For the records below, output word for word the lines from the one with "PPヘビーバンド用の熱溶着機です。 引締めは手動、溶着と切断は自動で行います。重量物の梱包に最適です。 |" up to and including the one with "夜に外出して戻ってきたら素敵". No pictures.
Given records Start Marker
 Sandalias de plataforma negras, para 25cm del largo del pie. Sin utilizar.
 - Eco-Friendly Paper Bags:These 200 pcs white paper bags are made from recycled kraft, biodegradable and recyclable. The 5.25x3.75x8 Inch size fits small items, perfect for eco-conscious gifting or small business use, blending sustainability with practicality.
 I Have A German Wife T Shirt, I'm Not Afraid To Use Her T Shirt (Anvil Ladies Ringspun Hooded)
Given records End Marker
Given records Start Marker
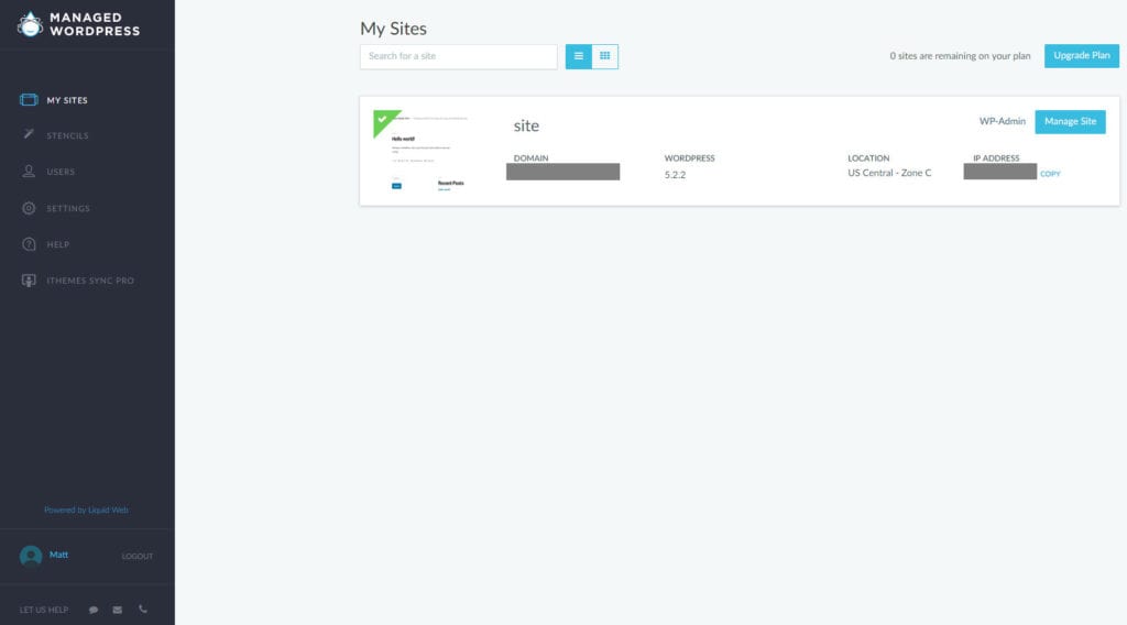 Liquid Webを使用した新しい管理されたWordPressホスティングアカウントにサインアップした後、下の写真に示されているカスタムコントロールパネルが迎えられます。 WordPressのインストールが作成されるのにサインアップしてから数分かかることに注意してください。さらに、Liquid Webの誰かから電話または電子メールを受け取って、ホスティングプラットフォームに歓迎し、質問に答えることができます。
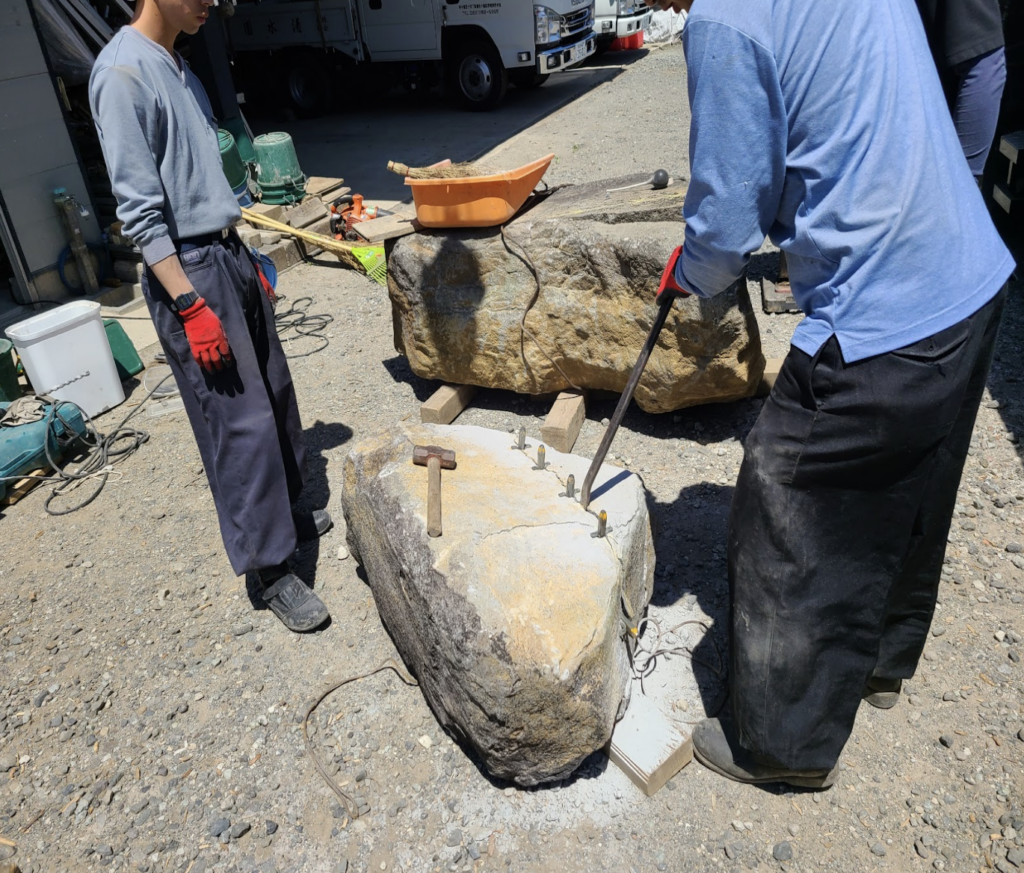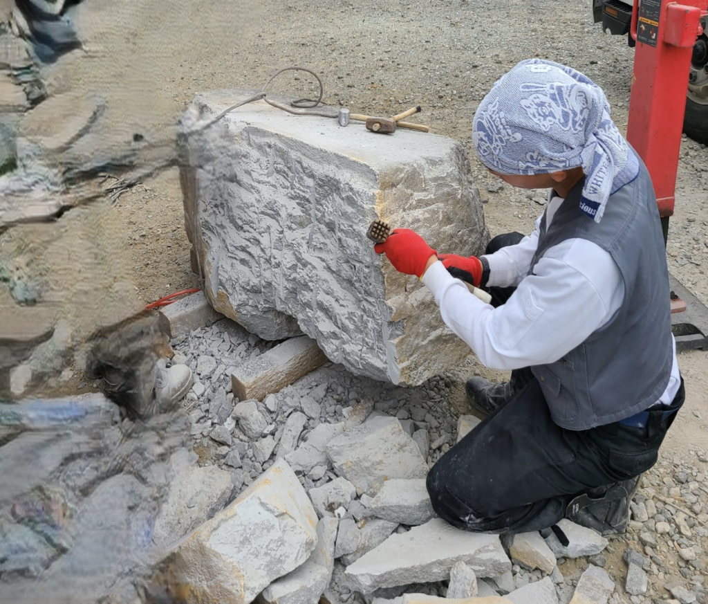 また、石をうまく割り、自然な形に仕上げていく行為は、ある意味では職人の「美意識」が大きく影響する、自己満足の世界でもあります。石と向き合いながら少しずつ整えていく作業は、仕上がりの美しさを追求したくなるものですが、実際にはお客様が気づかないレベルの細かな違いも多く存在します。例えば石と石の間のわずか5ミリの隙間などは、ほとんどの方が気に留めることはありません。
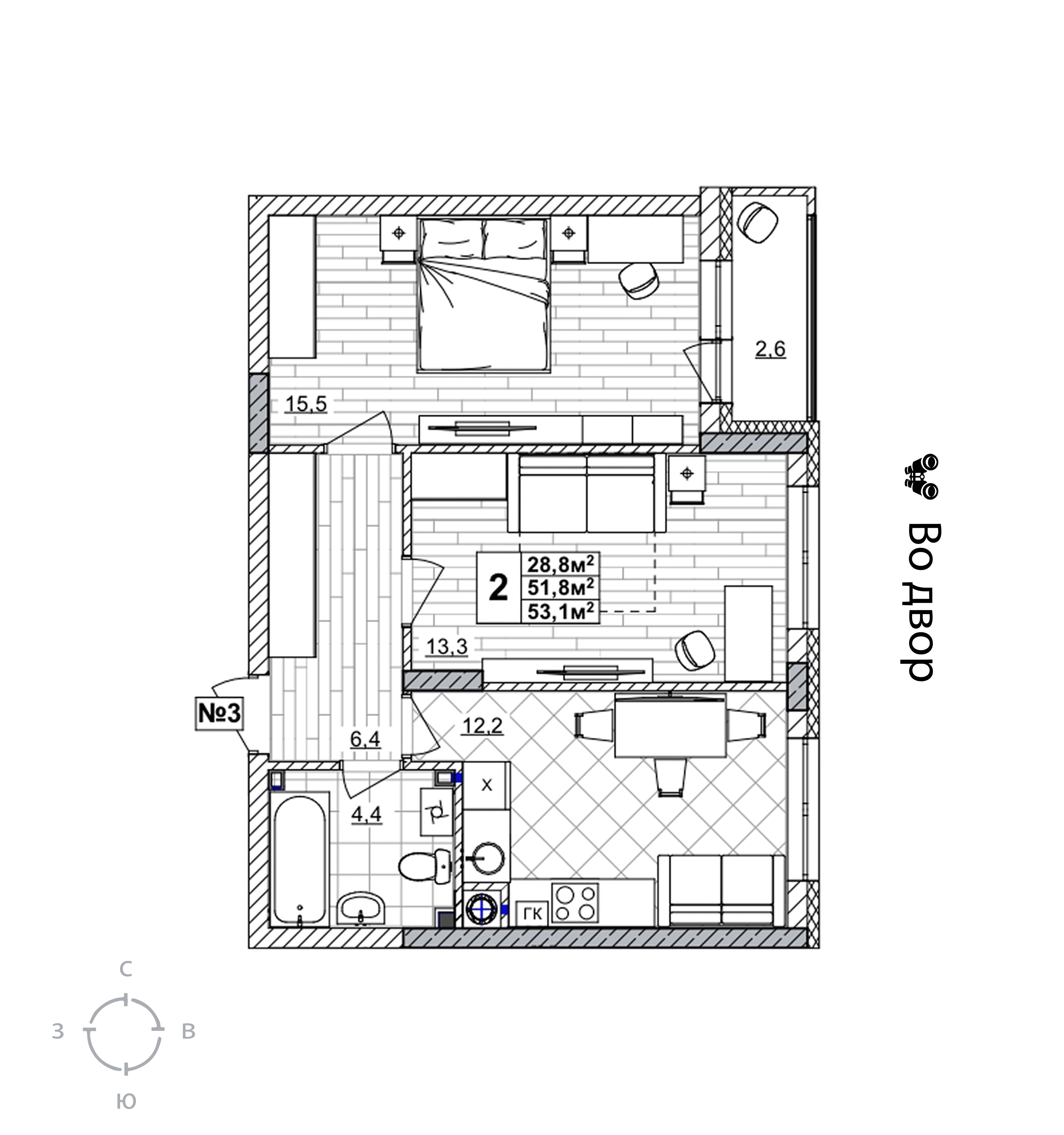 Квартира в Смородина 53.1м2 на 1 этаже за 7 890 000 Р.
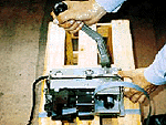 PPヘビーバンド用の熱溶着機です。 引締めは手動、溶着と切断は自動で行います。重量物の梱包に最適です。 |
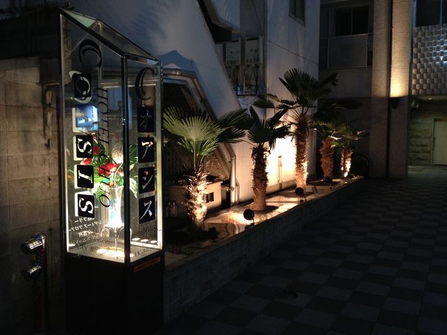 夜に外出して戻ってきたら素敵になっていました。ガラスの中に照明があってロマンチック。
Given records End Marker
**Result of the exercise**
 PPヘビーバンド用の熱溶着機です。 引締めは手動、溶着と切断は自動で行います。重量物の梱包に最適です。 |
 夜に外出して戻ってきたら素敵になっていました。ガラスの中に照明があってロマンチック。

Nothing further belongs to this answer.